8th Sep 2008 08:45
RNS Number : 9143C
HaiKe Chemical Group Ltd.
08 September 2008
HaiKe Chemical Group Ltd.
Major Contract & Project Commencement Announcement
HaiKe Chemical Group Ltd (“HaiKe” or the “Company”), the AIM quoted (AIM: HAIK) petrochemical, speciality chemical and biochemical business based in China, is pleased to announce that it has won a major production contract from Sinopec Shandong Petroleum Branch (“SSP”).
On 11 August 2008, the Company entered into two sea crude oil purchase agreements with a subsidiary of China National Offshore Oil Corporation (“CNOOC”), under which CNOOC will supply 370,000 barrels of crude oil, in total, to HaiKe at a pre-determined premium to the Duri Indonesia Crude Price during the collection period between 21 August 2008 to 31 August 2008 (the “Oil Supply Agreement”). The terms and conditions of the Oil Supply Agreement are based on the standard form of purchase order issued by CNOOC with reference to “The General FOB Provisions for Sea Crude Oil Domestic Sales Contract (June 2007 version)” in China. CNOOC is one of the largest oil companies in China and is mainly engaged in the oil extraction business in offshore China and overseas. It is listed on New York Stock Exchange (NYSE) and Hong Kong Stock Exchange (HKSE).
On 5 September 2008 a production contract valued at approximately RMB 230 million(the “OEM Contract”) was entered into by the Company and SSP, under which HaiKe will produce refined diesel and gasoline products for SSP before 30 September 2008 using the crude oil purchased under the Oil Supply Agreement. HaiKe’s management expect the execution of these two agreements to deliver positive margin contribution to the Company’s oil refinery business.
SSP is a regional branch of China Petroleum & Chemical Corporation (“Sinopec”), one of the largest oil companies in China. Sinopec is mainly engaged in the oil refinery and extraction business; it is listed on New York Stock Exchange (NYSE) and Hong Kong Stock Exchange (HKSE).
The OEM Contract and the Oil Supply Agreementconstitute the first subcontracting arrangements entered intoby the Company.

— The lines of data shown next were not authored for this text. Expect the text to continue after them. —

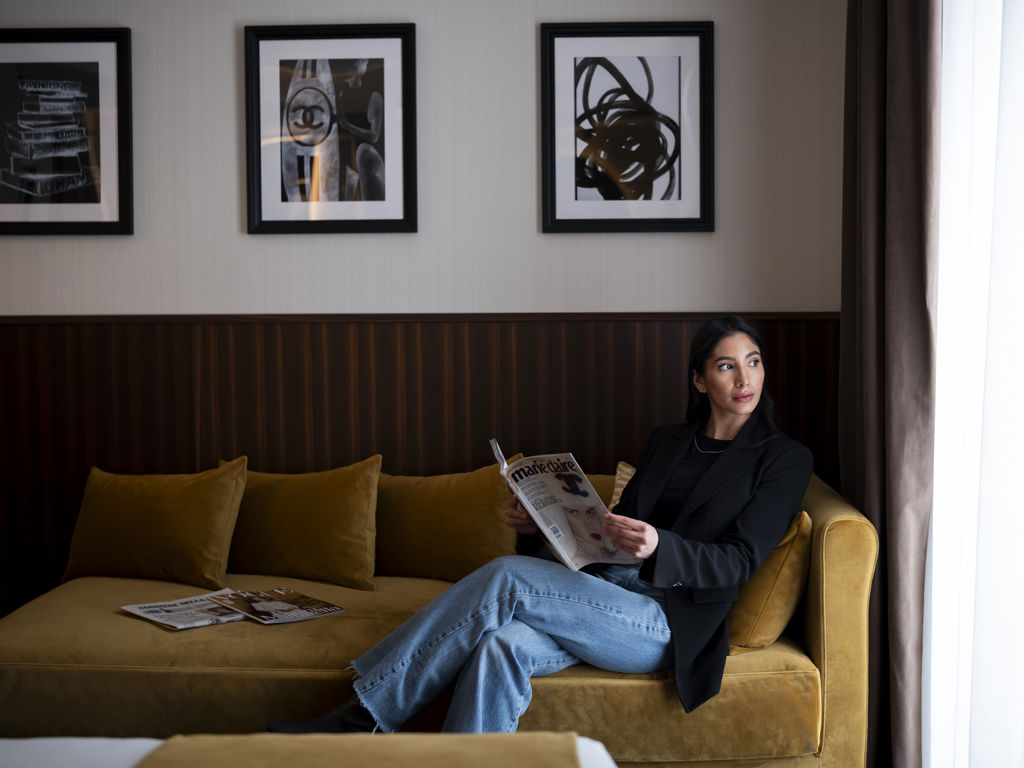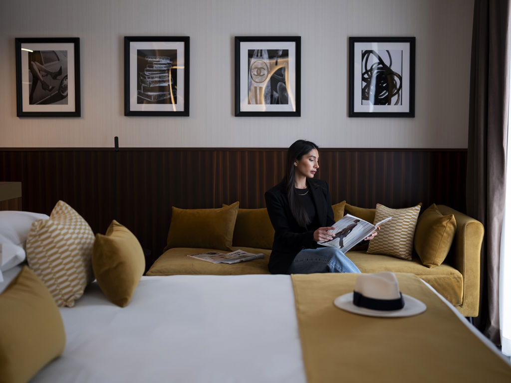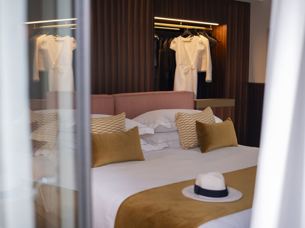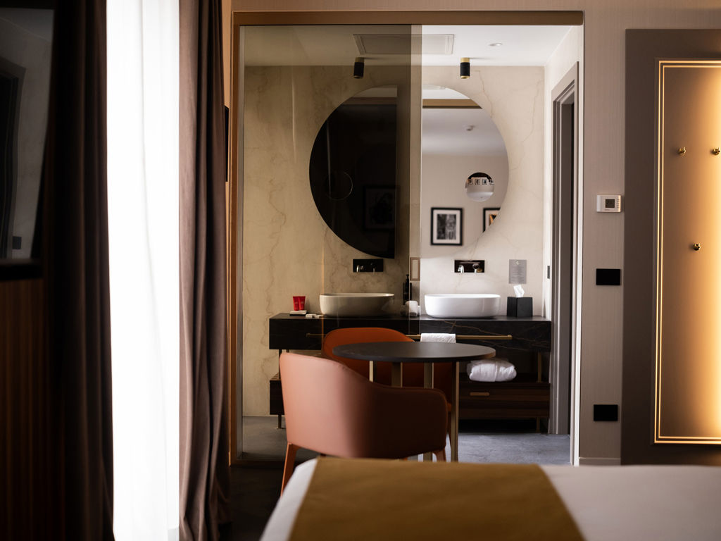 confortevole dormeuse e un bagno finestrato con vetrata sulla camera invitano a momenti di puro relax, con prodotti Frédéric Malle a disposizione.
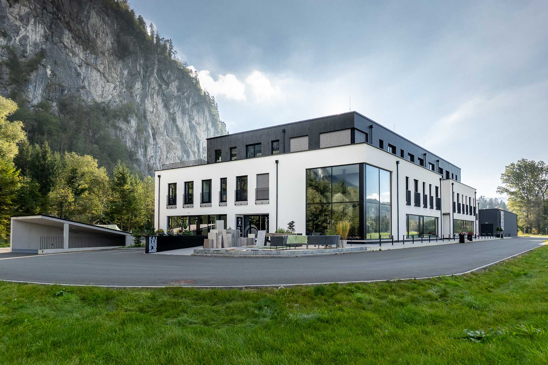 Bis Frühjahr 2019 entsteht mit der Kaiser Nordwand in unmittelbarer Nähe zum Kaiseraufstieg ein neuer Gebäudekomplex mit Büros-, Ausstellungsflächen und Lagerräumen. Klaus Suppacher, vom Kufsteiner Unternehmen Klaus Suppacher Fliesen, Öfen, Stein und Franz Hechenbichler, vom Kufsteiner Einrichtungsunternehmen Wohnatelier Lifestyle & Möbel sind die beiden Geschäftsführer der Kaiser Nordwand Immobilien GmbH, welche die neue Unternehmerheimat an der Peripherie Kufsteins errichtet und vermietet. „Geplant ist ein qualitativ hochwertiger Gebäudekomplex für Gewerbebetriebe und Dienstleister“, so Franz Hechenbichler.
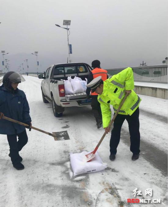该镇交警队还自发组织全体干部在集镇范围内的交通主干道、人行道上进行积雪清扫工作,并在岩泊渡大桥上实行“撒盐除冰”,效果立竿见影。快速解除了路面冰冻的危害,减少了降雪对交通运输、群众正常出行的困扰,并确保了镇域内道路畅通。
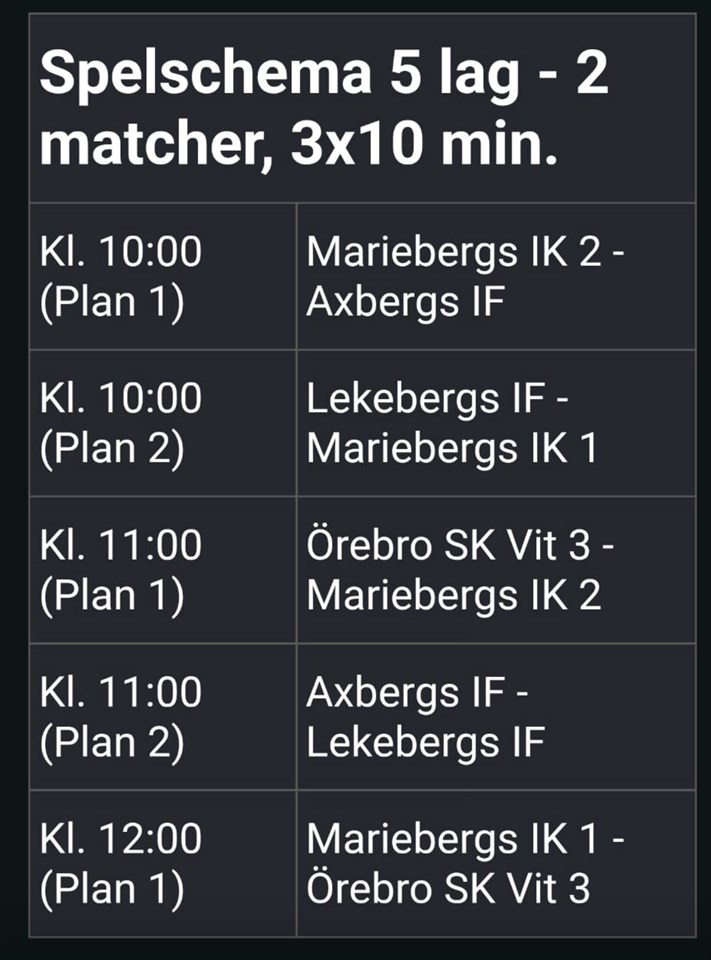 Hej. Nu har vi fått info från Marieberg om matchschema för lördagens poolspel. (Poolspel 3) Samling 10.15 Marieberg IP. Ledare: Fredrik L / Olof Spelare: Assar Diyar Nils Oscar L Oscar G Samuel Tim Elton Ismail Ta med. Benskydd, vattenflaska. Svarta shorts / vita strumpor. Vi har med matchtröjor. Syns på lördag.
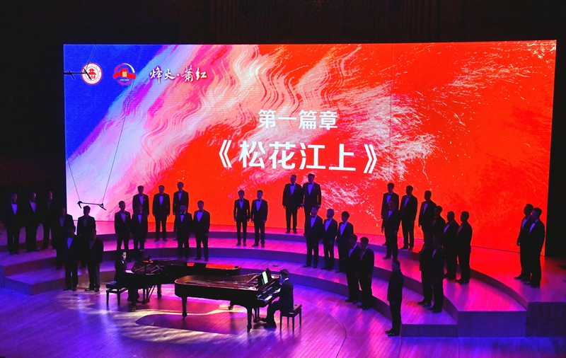 第一篇章《松花江上》以《長(zhǎng)城謠》的泣血鄉(xiāng)愁與《義勇軍進(jìn)行曲》的全場(chǎng)肅立高唱,訴盡抗戰(zhàn)時(shí)期的流亡之痛與民族豪情,更創(chuàng)新植入“童年、少女、青年”三代“蕭紅”扮演者(張舒涵、鄭楚琪、尤泓斐)與合唱團(tuán)的情景互動(dòng)。第二篇章《抗戰(zhàn)的烽火》中,《五月的鮮花》《露營(yíng)之歌》《保衛(wèi)黃河》等作品以合唱與立體站位,緬懷趙一曼、楊靖宇等英烈,再現(xiàn)全民抗戰(zhàn)的壯闊圖景。第三篇章《文脈永續(xù)》則通過(guò)魯迅、茅盾等文學(xué)名家對(duì)蕭紅的評(píng)價(jià)、跨年代讀者代表致敬及《致祖國(guó)》的磅礴合唱,彰顯其文學(xué)精神在新時(shí)代的傳承。
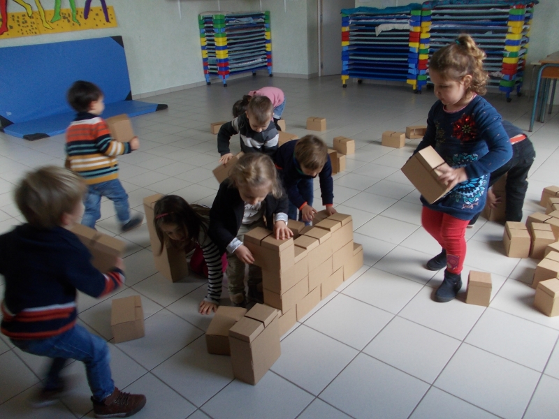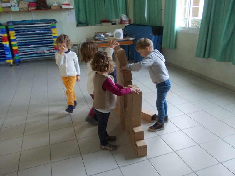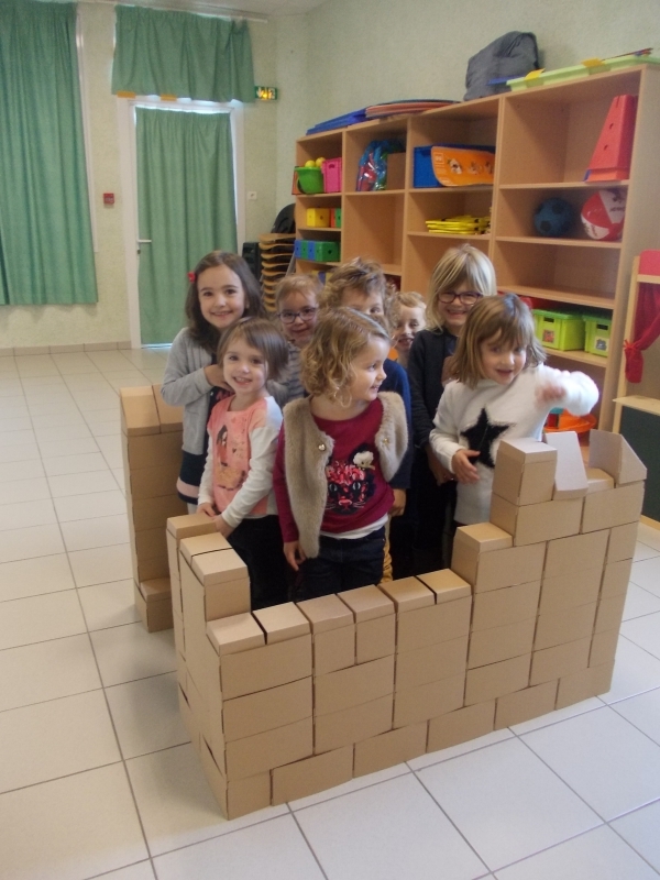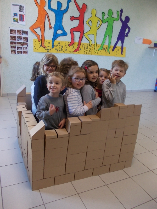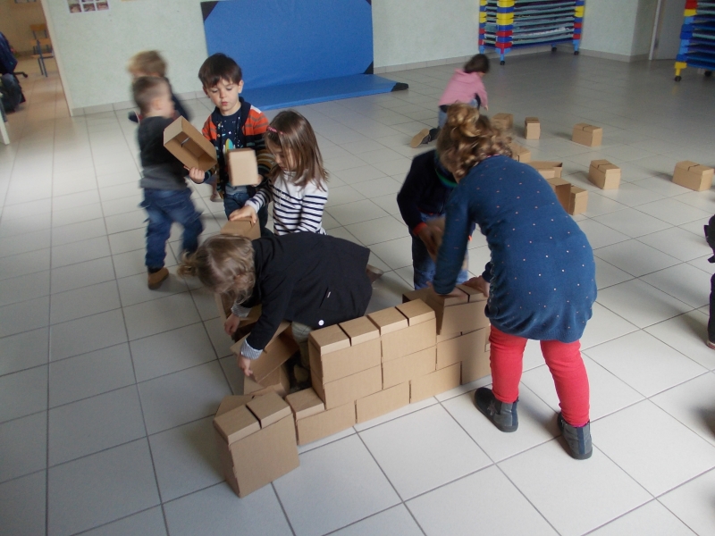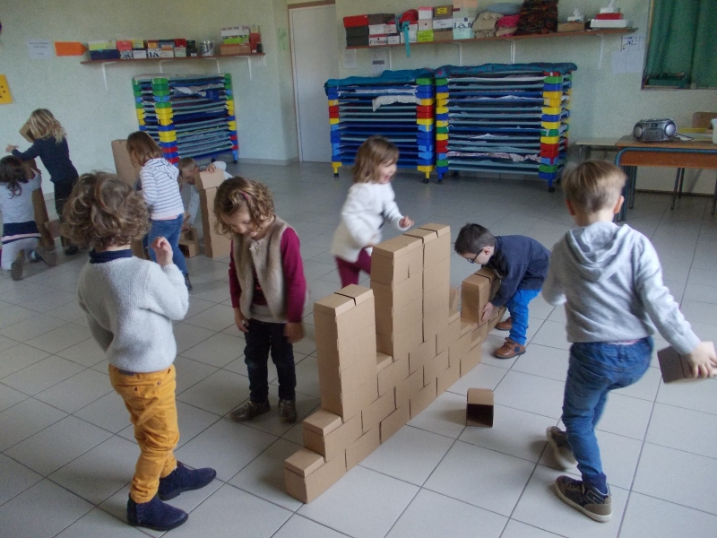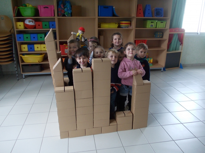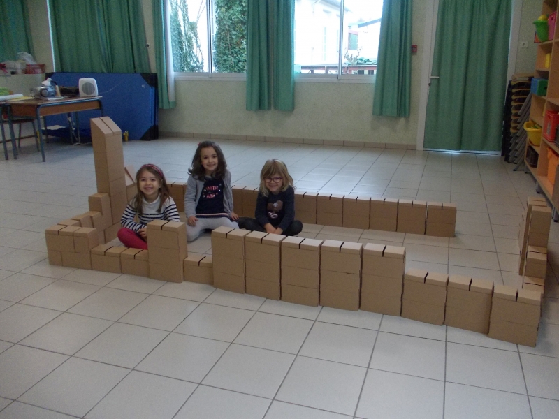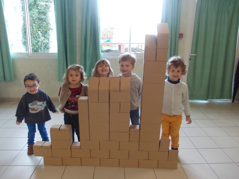 Nous avons découvert un nouveau jeu: les “Gigi blocks XXL”. Ce sont des grands blocs de construction en carton. Avec ces blocs, nous pouvons inventer de grandes constructions. En voici quelques-unes ….

These contracts are expected to have a positive impact on the gross margins of the Company and the Directors believe that if performed satisfactorily the Company is likely to enter into similar arrangements in the future. Further to the announcement of the partial resumption of the Company’s oil refinery facilities on 4 September 2008, the Directors are delighted that these contracts enable the Company’s oil refining facilities to be operated at full capacity and for the division to make a contribution against a back drop of high crude oil prices and the capped sales price of refined products.
Mr. Yang Xiaohong, Chairman of the Company, made the following statement:
“The successful conclusion of an OEM contract demonstrates the excellent relationship between HaiKe and the large Chinese domestic oil producers, and the strong reputation that HaiKe has within the Chinese domestic market. We are delighted to have secured these contracts and will continue to explore opportunities for similar contracts for the future. As the crude oil price declines and our refinery facilities recommence operations we view the future with increasing confidence.”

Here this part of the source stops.